Course Dates and Times

Monday 25 February – Friday 1 March, 09:00–12:30
15 hours over 5 days

Leonce Röth

Ludwig-Maximilians-Universität München – LMU

This course deals with mixed-methods / multimethod research (MMR) in the social sciences. To accommodate participants’ projects, it aims to reflect the diversity of MMR studies in the discipline.

We will discuss the broader understanding of combining qualitative and quantitative methods and the more focused approach, linking case studies and process tracing to a large-n method such as Qualitative Comparative Analysis (QCA) or regression analysis. The relative emphasis we put on specific variants of MMR designs will be adapted to the methods participants are applying in their own research.

The goal of the course is to understand the different varieties in which MMR can be done. We discuss the unique advantages and methodological and practical challenges confronted in implementing multi-method designs.

Topics include concepts in the qualitative and quantitative analysis, case selection for qualitative research, and the compatibility of theoretical expectations and inferences on causal effects and causal mechanisms. Method-centred discussions are illustrated with examples from different fields of political science.

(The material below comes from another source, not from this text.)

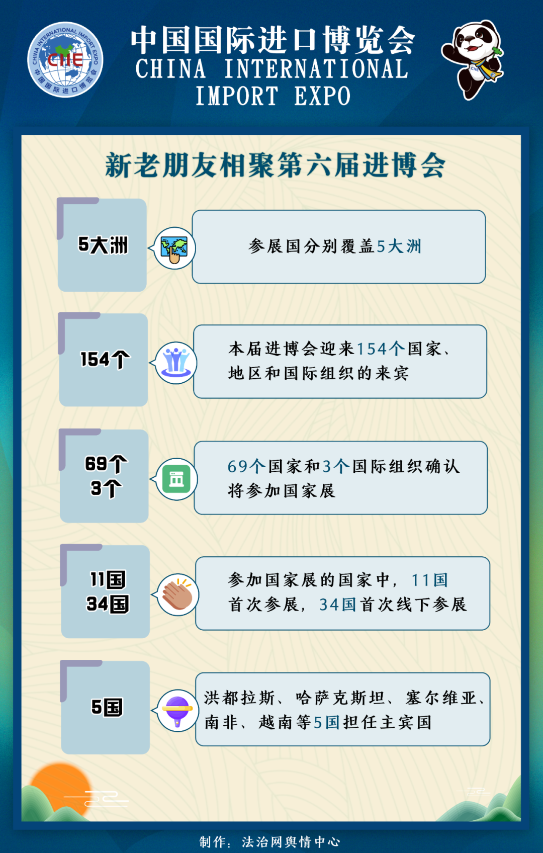 本屆進博會將迎來154個國家、地區(qū)和國際組織的來賓。其中國家展的參展國別覆蓋五個大洲。69個國家和3個國際組織確認將參加國家展。其中,11國首次參展,34國首次線下參展,洪都拉斯、哈薩克斯坦、塞爾維亞、南非、越南等5國擔任主賓國。

By the end of the course, you will able to realise your own mixed-methods study in a systematic manner, and to critically evaluate published MMR studies.

Tasks for ECTS Credits

2 credits (pass/fail grade) Attend 90% of course hours, participate fully in in-class activities, and carry out the necessary reading and/or other work prior to, and after, classes.

3 credits (to be graded) As above, plus submit a short daily assignment on days 1, 2, 3 and 4. The first two assignments are based on your own projects. If you are not working on an MMR project, an equivalent exercise will be assigned. The last two assignments are about general methodological issues and published empirical research.

4 credits (to be graded) As above, plus, after the course, submit a 10–15 page description of your mixed-methods research design as it stands. If a you are not working on an MMR project, an equivalent exercise will be assigned.


Instructor Bio

Leonce is Senior Researcher at the Cologne Center for Comparative Politics, University of Cologne.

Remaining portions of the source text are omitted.